Butter or ghee can be part of a balanced diet if consumed in moderation. Butter has a lower smoke point and a more liquid consistency. If you are cooking at high heat or need a dish to be lactose free, ghee can be the better option.
The role saturated fats play in health has recently come into question. Early research based in the 1960’s suggested saturated fats may increase risk for heart disease. Therefore, guidelines for lowering saturated fat intake were put in place.
Foods that provide saturated fats include: dairy, butter, meats, processed meats, packaged snacks and sweets. Therefore, limiting foods that are high in saturated fat, like butter, was recommended.
In recent years, meta-analysis studies (1) have not found an association between saturated fat intake and risk for heart disease, all cause mortality, stroke and diabetes.
However, health experts also caution this doesn’t give the go ahead to eat as much saturated fat as you want.
An important consideration is the quality of your total diet and further understanding how foods, not just single nutrients, contribute to overall health.
What is now more clear is replacing butter with foods that have trans fats (some margarine spreads) or simple carbohydrates (fat free sweets) is not recommended.
While butter or ghee may be part of a healthy diet, it should be used in moderation within a healthy, varied diet.

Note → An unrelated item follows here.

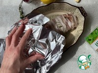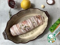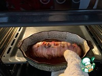 Сверху разместите наш руладин и с помощью плёнки заверните будущий руладин в бекон, плотно утягивая. |

Both ghee and butter may have some positives and negatives, it depends what you will be using it for to determine which one would be best for your application.
How is ghee different from butter?
Ghee is basically heated up butter that has the liquid and milk solids removed. In fact, ghee is an Indian word for clarified butter.
Because the liquid and dairy solids are removed, ghee doesn’t have to be refrigerated. The texture of ghee is more flexible than butter; butter will have a softer texture because it has more liquid.
When to use ghee over butter
Ghee has a higher smoking point than butter. So, if you are looking for a fat with a high smoking point, ghee will be better than butter.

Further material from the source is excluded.